As to deer and other critters, I do not sweat that too much, and just take my losses, since these berries put out enough for everybody. I also have a couple of Russian mulberries, which the birds prefer to the blackberries.
Pense Nursery has the very best pricing and their berries are hard to plant, as they always come with a great root system. I have 100 Arapahos here now, along with 100 Apache and 100 Ouachita. It would be hard to name a favorite. I am hoping to sit upon the porch and collect the dough from my pick-your-own deal.
Good luck with your berries.
Rick~LtlWilli


----------



## Walliebee (Nov 17, 2006)

Ronnie Elliott said:


> I read where you can staple alumnium foil strips to the wire, with a dab of peanut butter. What are your experiences?


It really lights them up! I had them knock down the fence a few times because the shock scared them so much. After a few weeks, all of them had learned to stay clear.

Don't wait for them to eat your plants before putting up the fence. They love blackberry plants!

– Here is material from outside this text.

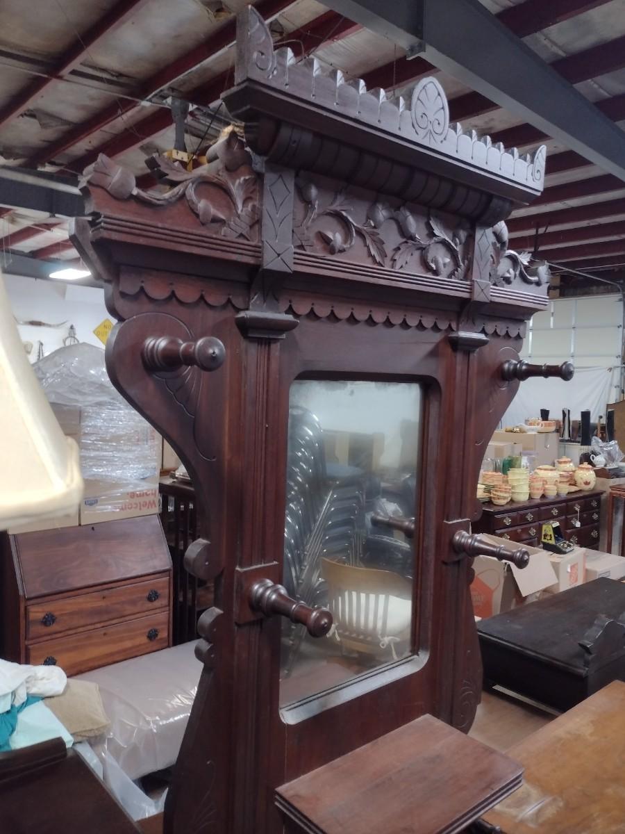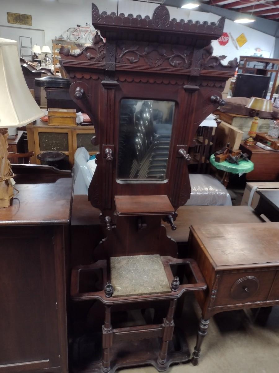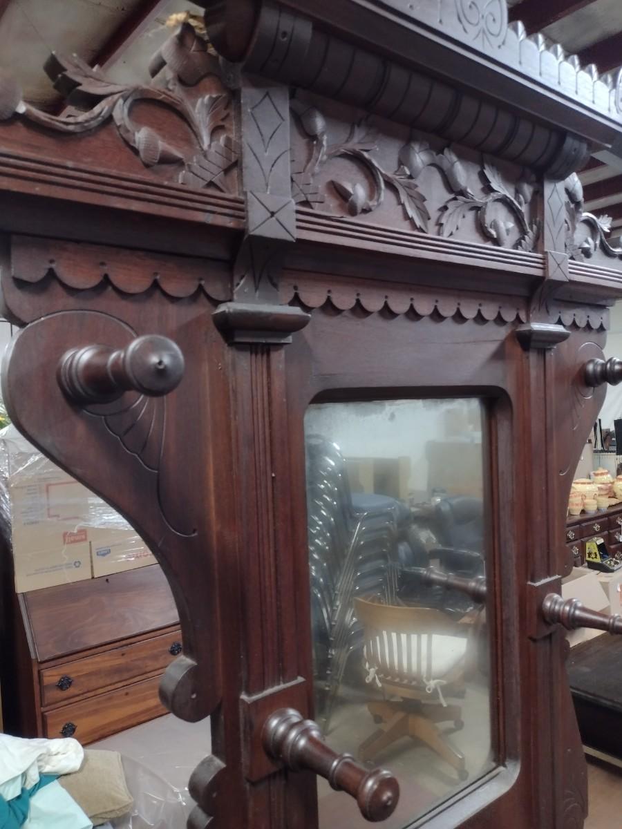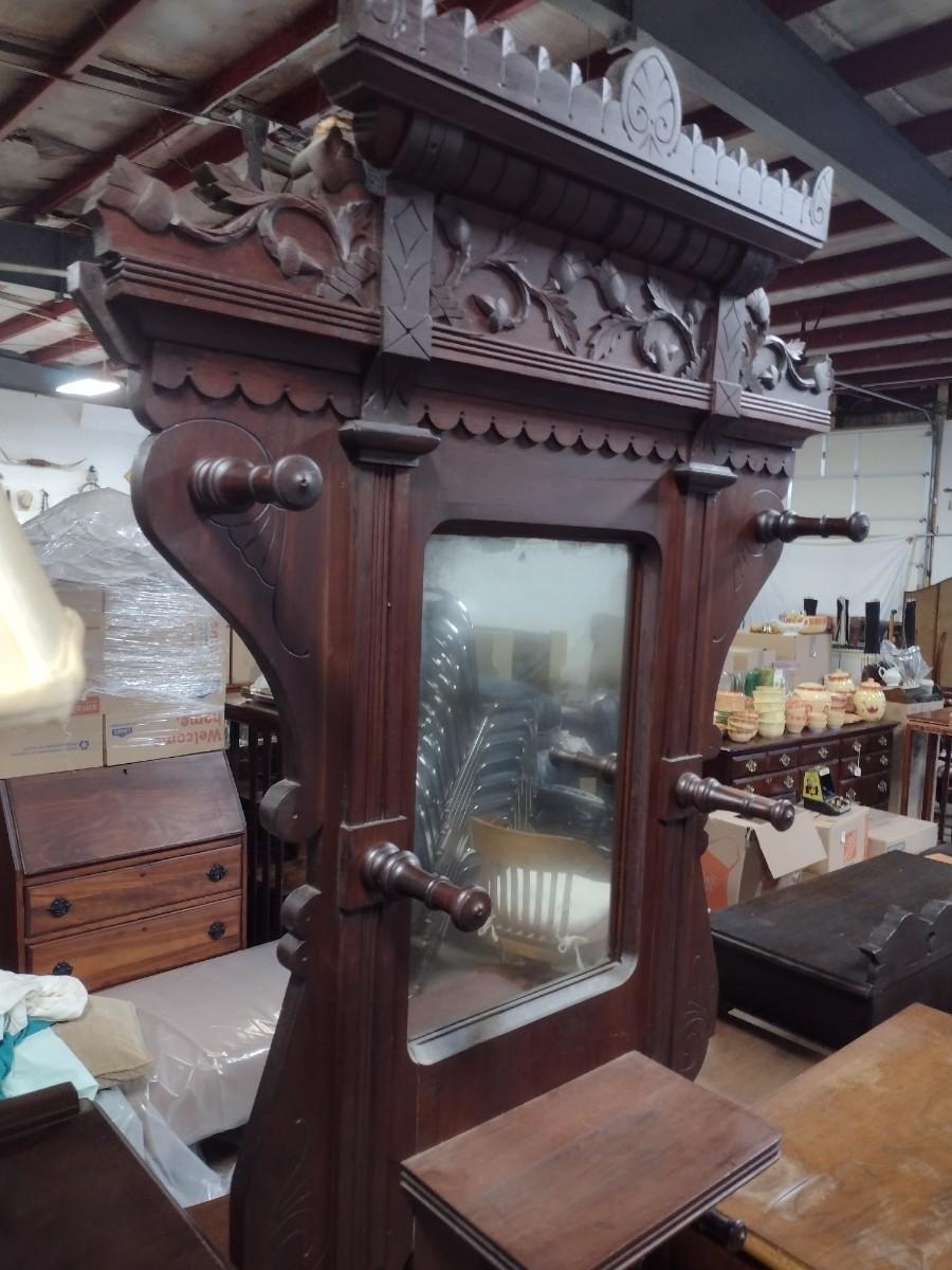 Impressive Antique Hall Tree with Marble Top Shelf and Cast Iron Catch Cups has a small separation at joint around the mirror as shown

I would spray the plants now with Deer-off or some repellent now. That will buy you some time to get your fence up.


----------



## longrangedog (Jun 24, 2007)

You have to train the deer to avoid the fence. The peanut butter attracts them and the aluminum foil conducts the charge from the fence to their lips. It worked for me for several years with the exception of last year. I baited the fence with peanut butter in foil as I did every spring. A couple weeks later I noticed small piles of shreded foil on the ground. They were eating the peanut butter. Further investigation revealed that my charger wasn't producing a charge. Instead of training the deer to avoid the area I was attracting them. Putting a new charger in didn't have much effect. By then they were more interested in the tender young plants than the peanut butter and weren't afraid of the fence. They simply hopped over and ate.


----------



## brooksbeefarm (Apr 13, 2008)

*Blackberries*

I've truck farmed for 20 years and have one acre of blackberries. The apache blackberrie has a large berry but doesn't bare as heavy as my other berries,of course this could be a location problem? The deer don't bother my berries but the japanese beetles, WELL, if you've had blackberries very long,I don't have to say any more.How do you deal with them? Jack


----------



## LtlWilli (Mar 11, 2008)

As I admitted, I am more than willing to risk a really bad infestation if it 'll keep poisons out of my fruits and berries. It gives me a good feeling to tell folks " Go ahead and eat some to try" without a worry. Often, it is the differance between a sale or not....Oh, whenever I spot mantis egg clusters, I do move them out there.
This will be the first year with these Arkansas bearing fruit in quantity----last year I had only this year's canes coming up. Some od the Apaches for this year had real bull canes, reaching12' or so before I topped them. The Ouachita is only a tad shorter, but the flavor is grand. The flavor of all is at least better than what we have seen in the past, and that includes the Shawnee. I guess it's time for Brazos and Darrow to hang up their guns..(LOL)
The supposed very best of the current offering is said to be the Navaho. Another great thing about them is their reported shipability without mashing. You can pick a whole gallon without having an inch or two juice and seeds......I guess that is verbose as I dare to be but I will still help where I can.
Thanks
Rick~LtlWilli


----------



## iwombat (Feb 3, 2009)

I put in arapahoes about 4 years ago. I get more fruit off of them than I know what to do with. Then again, I'm in blackberry country. They seem to prefer growing existing canes out to establishing new ones. It took a couple of years to get any kind of sucker production going.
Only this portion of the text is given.